Posted on the 27 November 2013 by Thehollywoodrevue
The Wet Parade 1933

File this one under “misleading posters.” It really isn’t much of a romance.

In 1916, the Chilcote family is known for their wealth.  But all of that is lost when family patriarch Roger (Lewis Stone) goes on a bender and gambles away the family fortune.  Distraught over what he has done, Roger commits suicide.  His teetotaler daughter Maggie (Dorothy Jordan) wishes for prohibition, but her brother Richard, Jr. (Neil Hamilton) loves alcohol as much as his father did.  After his father’s death, Richard, Jr. heads north to write a play and moves into a hotel run by his friend Kip Tarleton (Robert Young) and his family.

 

Like the Chilcotes, the Tarleton family is also dealing with a loved one’s alcoholism.  Mrs. Tarleton (Clara Blandick) doesn’t drink and neither does Kip, but Kip’s father Pow (Walter Huston) drinks like a fish.  Richard arrives at Kip’s hotel just in time to hear the results of the 1916 presidential election.  When Woodrow Wilson wins, Pow and Richard are happy since Wilson is opposed to prohibition.  But despite Wilson’s anti-prohibition platform, prohibition soon becomes the law, and bootleg liquor becomes readily available.  When Pow drinks some bad bootleg alcohol, he flies into a rage when his wife confronts him about it and beats her to death.  Pow is sentenced to life in prison.

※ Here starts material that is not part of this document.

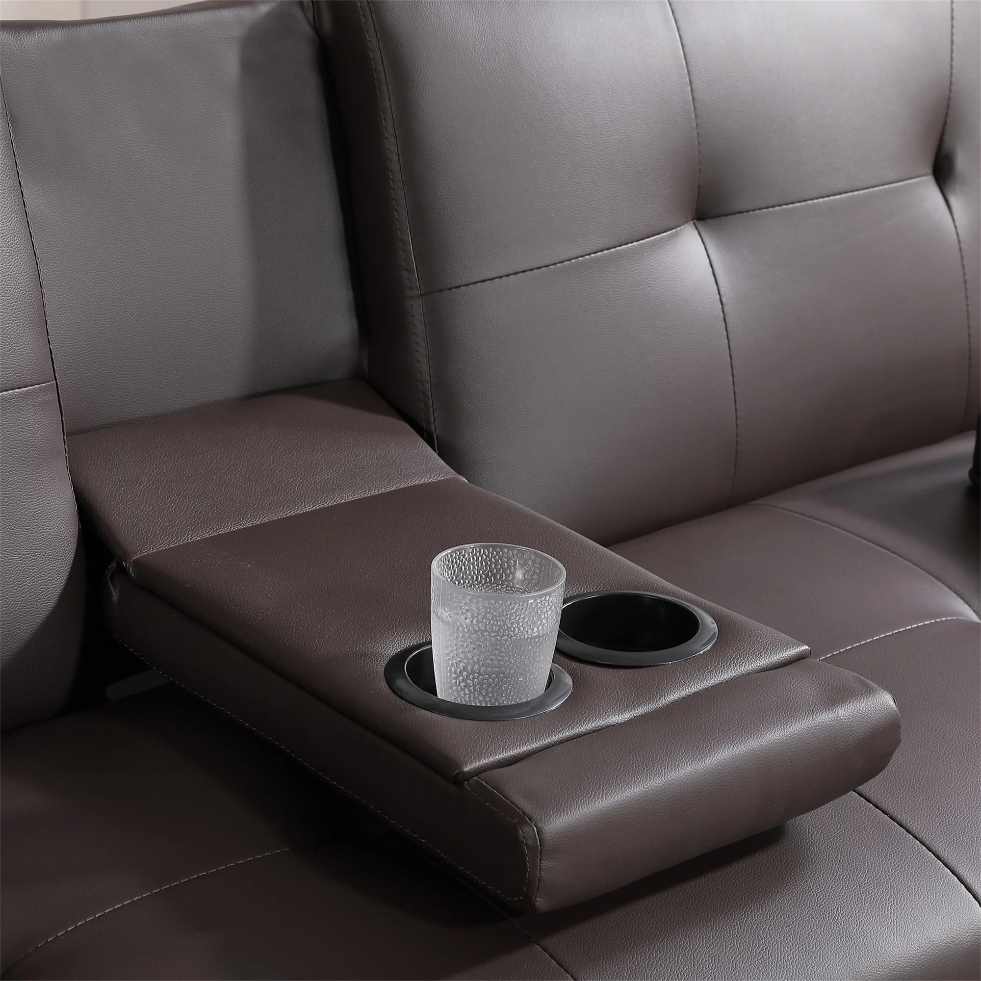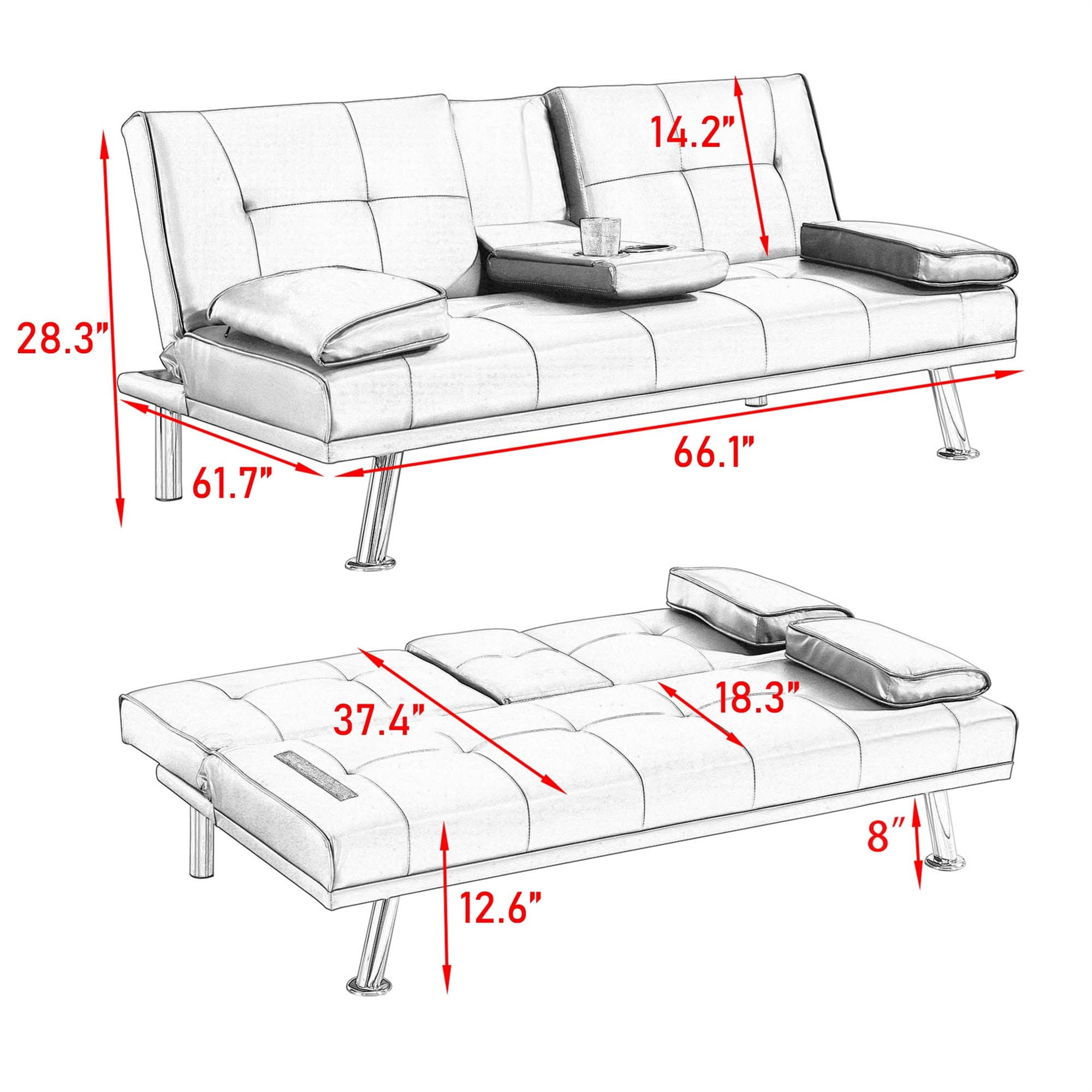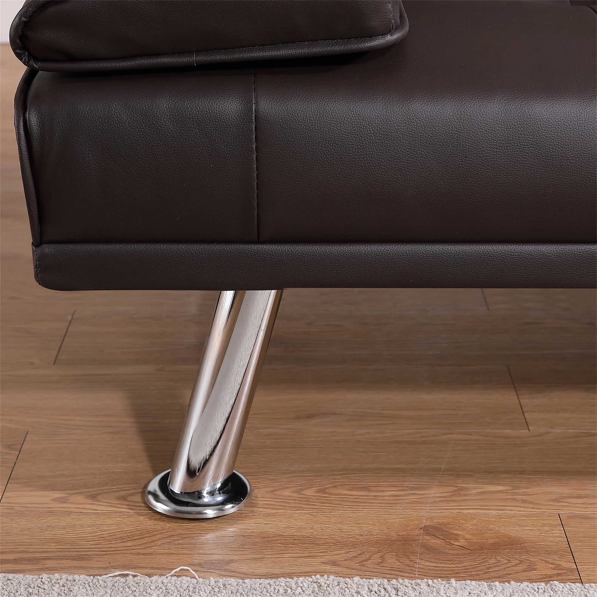 CONVERTIBLE SOFA BED – This Aukfa AK-FF01-082 futon sofa bed features a folding contraption to lock the back at 105 degrees for reading/TV or 140 degrees for lounging and lay down the back as a 66″ long by 37.5″ wide twin size bed. FUTON WITH HIDDEN CUP HOLDER – Folding middle armrest with 2 cup holders in the middle of the sofa allows you and your family and friends to enjoy drinks while relaxing. It can make it more convenient for you and your family to drink while watching a sports game. COMFY MATERIAL – The eye-catching solid-hued leather fabric highlights the charming face of this sofa, with excellent touch, and high-quality foam cushions, while the tufted back enhances the design and the armrest can be removed and placed on the other side when sleeping. MODERN STYLE AND VERSATILITY – This futon sofa bed is designed with a fashionable appearance and modern style, perfect for an apartment, home living room, studio, study room, game room, and guest room. EASY ASSEMBLE – All parts and instructions are smartly packed into one box and require only one person to assemble. Takes less than 15 minutes to assemble and easy to move around the house. SPECIFICATION: PRODUCT INFORMATION Overall: 67″L x 31″ W x 33″H. Open size – sleeper: 67″L x 39″W x 15″H Back Cushion: 17”H Seat Width: 67” Seat Depth: 19” Seat High: 15” Leg High: 8” Minimum Door Width: 31” Product Weight: 59 lbs Cross Weight: 64 lbs Carton Size: 67”L x 39” W x 10.2”H Features Product Type: Futon Sofa Seating Capacity: 2 Detachable Mattress Included: No Frame Material: Solid Wood Weight Capacity: 600 lb Sleeper Size: Twin Upholstery Material: Leather Upholstery Color: Brown Fill Material: Foam Seat Construction: Solid Wood Supplier Intended and Approved Use: Residential Use Leg Material: Metal Leg Color: Silver Back Type: Tufted Back Arm Type: Pillow Arm Product Care: Dust regularly. Clean gently with a clean, slightly damp cloth. Professional cleaning is recommended. Avoid direct sunlight. Never apply or clean with harsh chemicals. Assembly Level of Assembly: Partial Assembly Adult Assembly Required: Yes Suggested Number of People for Assembly/Install: 1 Additional Tools Required (Not Included): All Tools Included Warranty Commercial Warranty: No Product Warranty: Yes Full or Limited Warranty: Limited Warranty Length: One Year

With his mother and father both out of the picture, Kip has no other choice but to close the family hotel.  But Kip gets a lot of support from Maggie, who he has since fallen in love with.  They get married and vow to wage war against bootleggers.  Meanwhile, Richard continues spending all his time drinking bootleg alcohol and starts dating nightclub owner Eileen Pinchon (Myrna Loy).  Kip gets a job working with Abe Shilling (Jimmy Durante) at the Treasury Department as a prohibition officer.  He does very well at his new job and the two of them even successfully shut down Eileen’s nightclub.  But Kip is so good at his job, bootleggers begin to target him and with Maggie now expecting a baby, Kip has to decide if his job is worth it.

The Wet Parade is an ambitious movie, but perhaps too ambitious for its own good.  I see the messages it was trying to convey, but the final result was heavy-handed and overly long.  I thought the character of Maggie was very underutilized. The movie opens with the story of her family, so it’s easy to think that she would be a prominent character in the rest of the movie, but no. Instead, she’s relegated to supporting character status after that and serves no real purpose other than to be on Kip’s side.  After her father’s death, she seemed quite passionate about prohibition but unfortunately, we don’t actually see her being active in the prohibition movement, it’s just talk.  It would have been nice to see her actually trying to do something about it.

But one thing The Wet Parade does have going for it is a strong cast.  The idea of Jimmy Durante the prohibition agent may sound strange, but I appreciated the comic relief he brought and will probably be one of the few things I strongly remember about The Wet Parade.